A. If private sector investment decisions are made on a company-by-company basis.
Government sometimes seems to believe that the private sector is a unified entity. In reality, the “private sector” is only a collective noun representing millions of independent entities. As a result, the investment decisions regarding upgrading cyber security must be relevant and powerful enough to attract the decision makers in these corporate boardrooms and offices.
B. And if companies have varying business plans, regulatory environments, cultures, and structures.

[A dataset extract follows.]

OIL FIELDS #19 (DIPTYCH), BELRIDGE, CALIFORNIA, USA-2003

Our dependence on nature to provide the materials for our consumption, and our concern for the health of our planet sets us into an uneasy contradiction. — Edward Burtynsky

Even fairly cohesive industry sectors, such as electricity generation or chemical production, have individualized company business plans and cultures. The differences become even more dramatic when we consider less regulated critical sectors such as IT and defense. When we compare various sectors, the differences between them in terms of what is relevant to their investment decisions can grow even larger. To be effective, market incentives must speak to the private sector at the business plan level. An R&D tax credit may be the most attractive option for an IT security vendor, while a defense firm may be more interested in procurement options, an electric utility in a streamlined regulatory environment, or an IT-user enterprise in an insurance discount and risk transfer.

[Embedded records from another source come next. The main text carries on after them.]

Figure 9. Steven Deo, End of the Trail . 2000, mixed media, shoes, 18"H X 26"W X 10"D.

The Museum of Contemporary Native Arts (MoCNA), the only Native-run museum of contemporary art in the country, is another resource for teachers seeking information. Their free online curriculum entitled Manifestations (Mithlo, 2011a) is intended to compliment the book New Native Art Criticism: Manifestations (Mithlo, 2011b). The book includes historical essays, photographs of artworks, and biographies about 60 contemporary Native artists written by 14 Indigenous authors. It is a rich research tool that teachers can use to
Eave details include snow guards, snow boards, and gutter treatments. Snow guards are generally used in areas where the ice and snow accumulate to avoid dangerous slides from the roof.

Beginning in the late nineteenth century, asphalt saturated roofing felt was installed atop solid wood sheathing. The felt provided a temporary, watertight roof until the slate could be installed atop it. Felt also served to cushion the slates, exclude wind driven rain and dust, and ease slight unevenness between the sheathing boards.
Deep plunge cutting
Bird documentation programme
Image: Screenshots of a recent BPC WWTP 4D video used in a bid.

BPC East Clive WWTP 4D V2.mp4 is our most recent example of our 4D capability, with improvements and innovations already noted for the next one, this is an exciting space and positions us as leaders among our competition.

C. Then government and industry need to offer a menu of market incentives that will induce organizations with varying business plans to deploy adequate cyber security. In March 2011, an unprecedented group of US industry associations and civil liberties interests released a comprehensive white paper on cyber security that articulates a specific path toward a more secure system.
The paper, which tracks the organization and issues raised in President Obama’s Cyberspace Policy Review (CSPR), is remarkable as much for the detail of its recommendations as the breadth of its authorship, which includes organizations empowered by their thousands of corporate members to represent the interests of users, providers, and the owners and operators of the Internet.
The paper states:
One of the most immediate, pragmatic, and effective steps that the government could take to improve [the US’s] cyber security would be to implement the recommendations made in the CSPR to explore incentives, such as liability considerations, indemnification, and tax incentives.

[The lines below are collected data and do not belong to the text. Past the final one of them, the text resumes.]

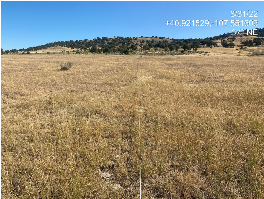
Photo 7. Photo taken from the center of the Location shows the end of the disturbed area vegetation monitoring transect.
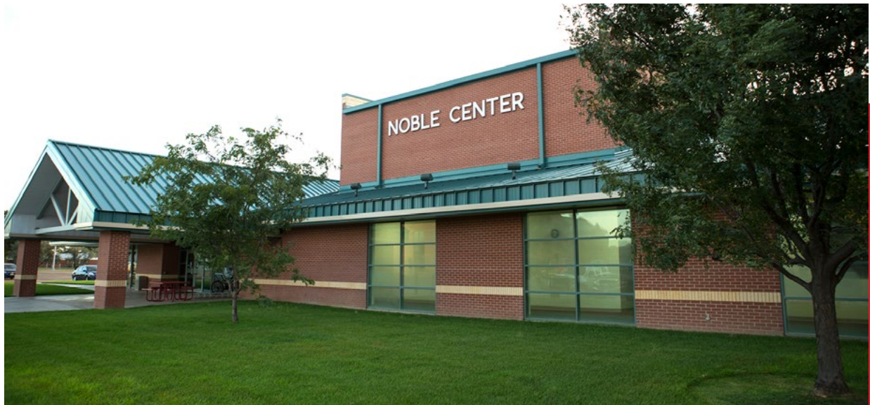
The Noble Center opened in 2003. With 52,000 square feet, the Noble Center provides many opportunities for fitness, fun, studying and socializing.
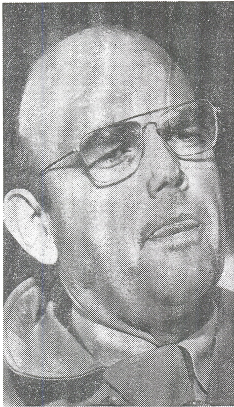
JOHN D. EHRLICHMAN ... "it changes nothing"
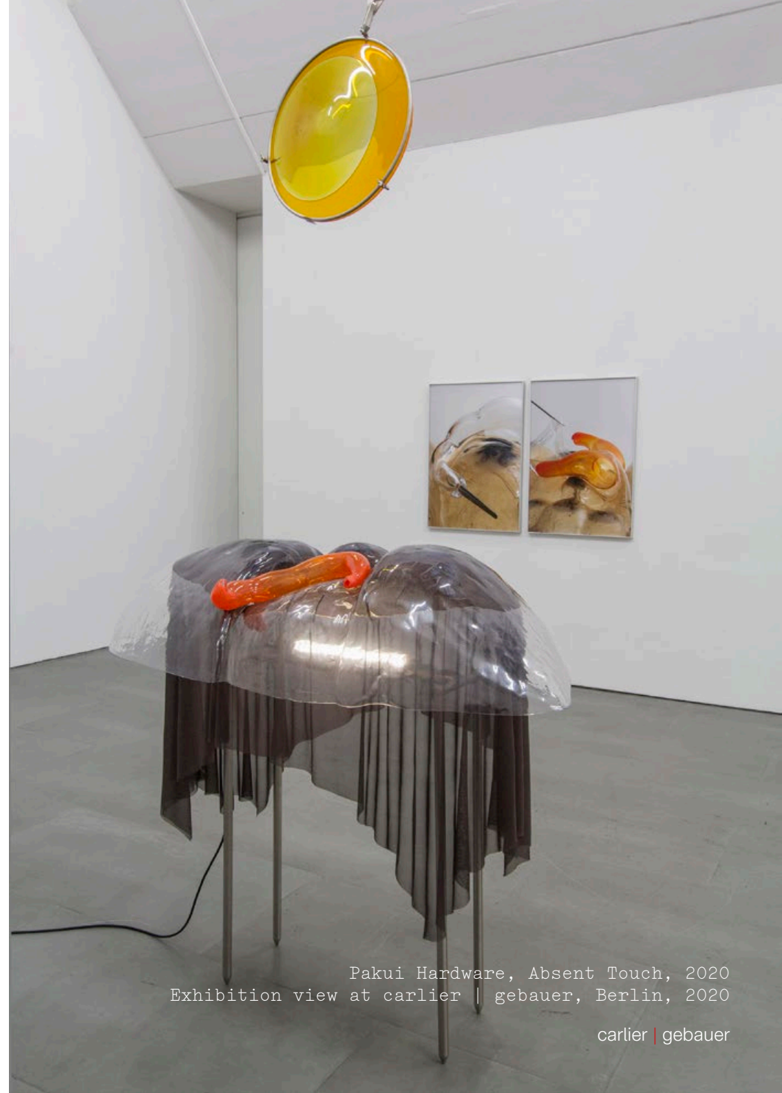
Pakui Hardware, Absent Touch, 2020 Exhibition view at carlier | gebauer, Berlin, 2020
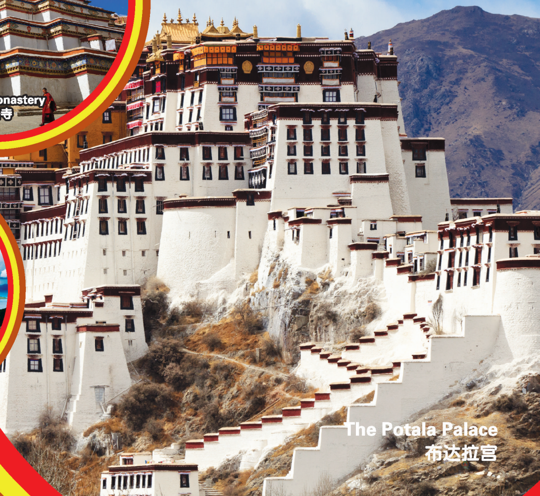
The Potala Palace 布达拉宫

行程次序，以当地旅社安排为准。 Sequences of Itinerary are subject to local arrangement.
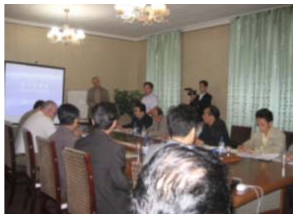
Participants of a water and sanitation workshop on 22-24 May 2007.

and sanitation systems to the communities in November. During the implementation of the programme, the national society's water and sanitation technicians and the Federation's water and sanitation officer have monitored construction on a regular basis and provided technical assistance and recommendations where necessary.

Specifically, it recommends:
Working through the NIPP framework, government and industry must develop a menu of market incentives that government can put in place to motivate companies to voluntarily adopt additional security practices and technology investments. The incentives must be powerful enough to affect behavior without being so burdensome as to curtail US investment, innovation, and job creation. Up to now, the emerging field of cyber security has been construed too
narrowly as an IT issue. A more robust analysis of the field would be facilitated by developing a set of logical principles that interconnect economic, strategic, and technical issues of cyber security.
In this article, I have offered seven such syllogisms, which suggest that government and industry need to engage in a 21st-century social contract to create a sustainable system of cyber security.